Meetings are open. For more information,
please visit the website at www.hl7.org.
CDISC representatives can attend as HL7
members.
23-24
January 2003 - DIA Clinical Data Management
Workshop Tokyo, Japan, Tokyo Conference
Center
For the DIA CDM Workshop, Mineko Fujimoto
of Nihon Schering K.K., who is serving
on the program committee, has invited
CDISC presentations. More specific information
will be available at a later date.
3-5
February 2003 - Clinical Technologies
Congress Philadelphia, Wyndham Franklin
Plaza
The 2003 Clinical Technologies Congress,
February 3-5, 2003 in Philadelphia, is
a large-scale, multi-track pharmaceutical
industry event addressing opportunities
to leverage and integrate technologies
throughout clinical trials.

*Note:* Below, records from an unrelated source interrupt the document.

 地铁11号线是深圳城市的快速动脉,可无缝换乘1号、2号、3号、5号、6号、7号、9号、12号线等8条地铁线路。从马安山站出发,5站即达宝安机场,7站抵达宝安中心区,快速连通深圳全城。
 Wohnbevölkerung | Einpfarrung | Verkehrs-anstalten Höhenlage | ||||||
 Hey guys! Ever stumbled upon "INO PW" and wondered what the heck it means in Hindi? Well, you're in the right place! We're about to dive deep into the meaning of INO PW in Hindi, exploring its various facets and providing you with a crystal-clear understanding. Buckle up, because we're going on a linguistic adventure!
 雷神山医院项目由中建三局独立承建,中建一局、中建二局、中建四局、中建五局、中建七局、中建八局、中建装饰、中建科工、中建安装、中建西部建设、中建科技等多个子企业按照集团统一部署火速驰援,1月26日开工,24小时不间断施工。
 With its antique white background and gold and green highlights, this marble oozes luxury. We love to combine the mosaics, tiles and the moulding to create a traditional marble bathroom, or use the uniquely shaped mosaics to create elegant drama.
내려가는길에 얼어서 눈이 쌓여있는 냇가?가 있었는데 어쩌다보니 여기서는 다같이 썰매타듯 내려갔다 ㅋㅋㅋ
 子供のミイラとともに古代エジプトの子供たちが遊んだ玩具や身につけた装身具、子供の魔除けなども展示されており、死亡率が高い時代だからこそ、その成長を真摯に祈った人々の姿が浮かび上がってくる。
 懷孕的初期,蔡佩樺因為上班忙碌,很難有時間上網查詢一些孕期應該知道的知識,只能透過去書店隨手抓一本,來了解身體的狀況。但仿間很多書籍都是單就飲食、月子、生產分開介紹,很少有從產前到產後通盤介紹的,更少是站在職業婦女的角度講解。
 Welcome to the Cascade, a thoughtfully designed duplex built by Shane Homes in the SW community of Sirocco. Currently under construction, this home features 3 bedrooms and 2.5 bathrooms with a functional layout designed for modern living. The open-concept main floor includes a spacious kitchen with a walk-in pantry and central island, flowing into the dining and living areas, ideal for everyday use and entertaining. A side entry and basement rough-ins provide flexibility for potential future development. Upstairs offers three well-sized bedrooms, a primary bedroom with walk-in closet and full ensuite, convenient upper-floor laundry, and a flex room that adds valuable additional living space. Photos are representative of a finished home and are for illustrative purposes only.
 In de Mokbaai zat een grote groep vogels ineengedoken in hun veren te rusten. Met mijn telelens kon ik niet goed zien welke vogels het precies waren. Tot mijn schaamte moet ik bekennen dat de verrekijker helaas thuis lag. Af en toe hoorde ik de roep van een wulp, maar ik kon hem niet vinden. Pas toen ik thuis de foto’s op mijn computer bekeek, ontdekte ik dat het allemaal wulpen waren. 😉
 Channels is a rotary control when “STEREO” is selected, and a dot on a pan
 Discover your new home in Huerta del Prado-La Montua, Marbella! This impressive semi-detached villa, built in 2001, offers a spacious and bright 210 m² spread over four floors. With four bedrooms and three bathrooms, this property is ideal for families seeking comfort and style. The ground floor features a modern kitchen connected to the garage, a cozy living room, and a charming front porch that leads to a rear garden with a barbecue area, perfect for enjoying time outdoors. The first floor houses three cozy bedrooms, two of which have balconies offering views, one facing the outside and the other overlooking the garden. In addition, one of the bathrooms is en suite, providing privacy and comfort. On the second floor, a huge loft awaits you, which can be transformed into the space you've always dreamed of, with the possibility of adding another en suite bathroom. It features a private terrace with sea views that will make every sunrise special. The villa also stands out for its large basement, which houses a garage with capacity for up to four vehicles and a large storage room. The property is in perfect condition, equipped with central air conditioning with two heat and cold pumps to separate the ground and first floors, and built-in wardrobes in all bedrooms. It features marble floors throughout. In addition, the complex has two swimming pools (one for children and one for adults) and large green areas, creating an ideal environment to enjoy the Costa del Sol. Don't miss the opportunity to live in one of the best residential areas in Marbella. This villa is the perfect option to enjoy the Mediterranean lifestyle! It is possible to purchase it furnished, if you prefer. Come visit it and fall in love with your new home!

The comprehensive
program will bring together representatives
from CROs, sponsors, investigative sites
and other professionals to collaborate;
it will address the challenges in technology
selection, implementation, management,
and acceptance.
Specific topics to be addressed include:
- Improving Data Collection
and Processing through EDC Technologies
- Integrating Medical
Records and Clinical Trial Management
- Applying Clinical
Trial Simulations to Make Better Drug
Development Decisions
- Blended E-Learning:
Training a Worldwide Clinical Staff
- Ensuring Regulatory
Compliance Throughout Clinical Trials
The event includes Keynote and Plenary
presentations by:
Alpheus Bingham, PhD - Vice President,
e.Lilly, ELI LILLY & CO.
Sylva Collins - Vice President, Electronic
Data Capture, NOVARTIS
Ira Katz - Vice President, Drug Evaluation
Clinical Operations, JOHNSON & JOHNSON
Rebecca Kush, PhD - President, CDISC
Kenneth Getz, MBA, CenterWatch
Barbara Tardiff, M.D. Ph.D. of REGENERON
will speak on progress in the HL7 Regulated
Clinical Research and Information Management
(RCRIM) Technical Committee, which is
co-chaired by representatives of CDISC,
FDA and HL7.
For more details, please visit www.clinicalevent.com
10
February 2003 - DIA Workshop: Database
Standards in Clinical Research: An Operational
Perspective
Philadelphia, Hyatt Regency at Penn’s
Landing
This workshop will cover the following
topics:
- An overview
of Clinical Data Management –
From Data Capture to Analysis Database
- Balancing Between
Internal Clinical Data Management Process
Nees and External Factors
- Cost Benefit of
Implementing CDISC Standards
- Return on Investment
of Virtual Database
Frank Newby (CDISC) and Michele Thomas
(GSK) have been requested to speak at
this workshop. Another speaker will be
selected to complete the session. Abstracts
are due by 1 November to the DIA (www.diahome.org).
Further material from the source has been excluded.